Figure 3 illustrates the relationship between temperature and the chemical-to-feed ratio, and their combined effects on the surface area of activated carbon. These two independent variables significantly influence the surface area (m²/g). The diagram shows a positive correlation between the chemical-to-feed ratio and the surface area. Increasing the chemical-to-feed ratio enhances activation, leading to a more developed pore structure and higher surface areas. At 600 °C, a ratio of 0.5 yields a surface area of around 800 m²/g, which increases to about 1000 m²/g at a ratio of 0.9. This highlights the chemical agent’s role in optimizing porosity. Temperature also significantly affects the surface area. Higher temperatures provide the energy needed to form micropores and mesopores. For instance, at 800 °C and a ratio of 0.9, the surface area reaches 1200 m²/g, increasing to about 1400 m²/g at a ratio of 1.5. This demonstrates the synergistic effect of higher temperatures and chemical-to-feed ratios.
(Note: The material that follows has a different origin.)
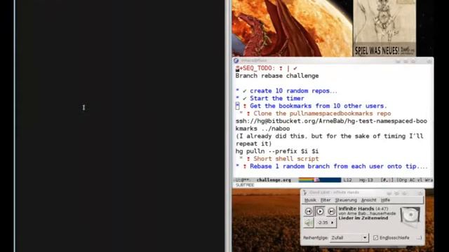 Showing the power of git - with Mercurials ease of use. This takes the rebasing challenge by felipec. All the code is available in https://bitbucket.org/ArneBab/hg-test-namespaced-bookmarks Notice: This has a far more complex repository structure than the test by FelipeC, because he could not provide his repos. So there are far more conflicts to resolve (on average there are 3-5 conflicting files per rebase, as opposed to 0-1 for FelipeC). The two dragon-images in the background were created by Trudy Wenzel¹ for http://1w6.org The red moon is from the KDE background images. ¹: Trudy Wenzel is a graphical artist and great hobby singer. You can find more of her graphical works on http://blackthumbstudios.artworkfolio.com/ License: GPLv3+

The interaction of these variables is crucial, as neither achieves optimal results alone. At lower temperatures, even high chemical-to-feed ratios yield modest surface areas due to insufficient thermal energy. Conversely, high temperatures with low ratios limit pore formation. Optimizing both variables simultaneously is necessary for superior activation outcomes. A combination of 800 °C and a ratio of 1.5 produces the highest surface area of approximately 1400 m²/g, compared to less than 1000 m²/g under lower conditions.
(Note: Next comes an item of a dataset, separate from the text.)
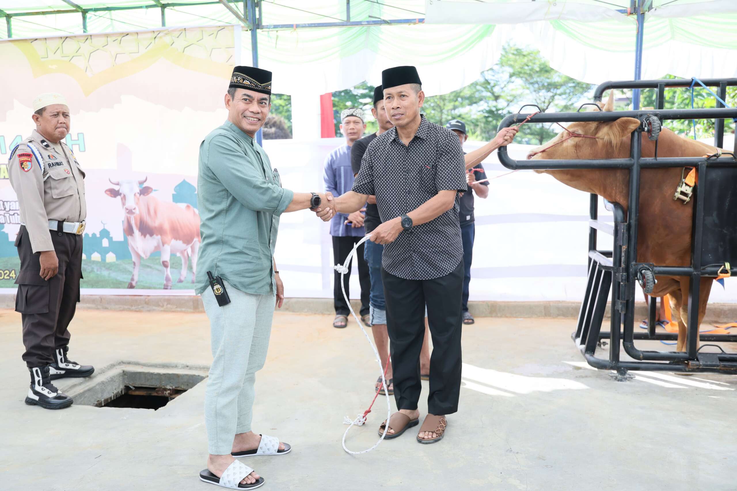 Penyerahan sapi qurban dilakukan Kapolda Sulsel, Irjen Pol Andi Rian R Djajadi, di Mapolda Sulsel, Jalan Perintis Kemerdekaan, Makassar, pada Hari Raya Iduladha 1445 Hijriah, Minggu, 16 Juni 2024.

Similarly, Figure 4 illustrates the synergistic interaction between the chemical-to-feed ratio and reaction time on the surface area of activated carbon, offering insights into process optimization. At a chemical-to-feed ratio of 0.5, the surface area reaches approximately 900 m²/g, highlighting a modest activation level. Increasing the ratio to 0.9 results in a surface area of about 950 m²/g, reflecting enhanced chemical interactions. A further increment to a ratio of 1.5 maximizes the surface area to an impressive 1100 m²/g, demonstrating the significance of higher chemical loading. Time also plays a crucial role in the activation process, with extended durations amplifying the surface area. At 120 min with a chemical-to-feed ratio of 1.5, the surface area peaks at 1100 m²/g, representing the optimal combination for maximizing porosity. The interplay between these variables indicates that both higher chemical ratios and prolonged activation times synergistically contribute to developing a more porous carbon structure, enhancing its surface area. This relationship underscores the importance of balancing these parameters for achieving desired material characteristics in industrial applications. The findings validate the strong dependence of surface area enhancement on these process variables, serving as a foundational guide for fine-tuning activation processes. Such enhancements are critical for applications requiring high-performance activated carbons, including adsorption and catalysis.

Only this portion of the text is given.